From our Beloved MIKE....

Personally, I prefer checking pressure at a point closest to the oil pump. That way, you're seeing the same thing the engine is seeing. If you read pressure at the front, the oil pump can expire before you see the drop at the front of the motor.... :thumb:

Out here in the big cornfield between Iowa and Colorado we use shut down gauges on irrigation engines. They are set up to shut the engine down if the temp gets to high or the oil pressure gets to low. Always take the oil pressure on these as close to the pump as possible and give yourself a little breathing room off of zero oil pressure.
 
Out here in the big cornfield between Iowa and Colorado we use shut down gauges on irrigation engines. They are set up to shut the engine down if the temp gets to high or the oil pressure gets to low.

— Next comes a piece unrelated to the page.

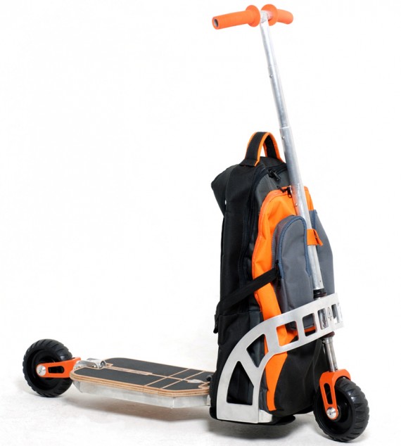 The scooter, which is constructed from aluminum to minimize weight, can hold riders up to 200 pounds. No word on how much the exact assembly weighs, though, so this could be a heck of a load to throw on your back.

Always take the oil pressure on these as close to the pump as possible and give yourself a little breathing room off of zero oil pressure.

OK
I may be completely out of the ball park here, but I cat remember the last time I had an oil pressure problem on a mild engine. Never had an oil pump give up on me and that includes some very nervous 4 bangers.
Gerry
 
IIRC, the reasoning behind reading off the front was that you saw what the crank and rods saw ,not what it was before it went through the valvetrain,if this makes any sense??!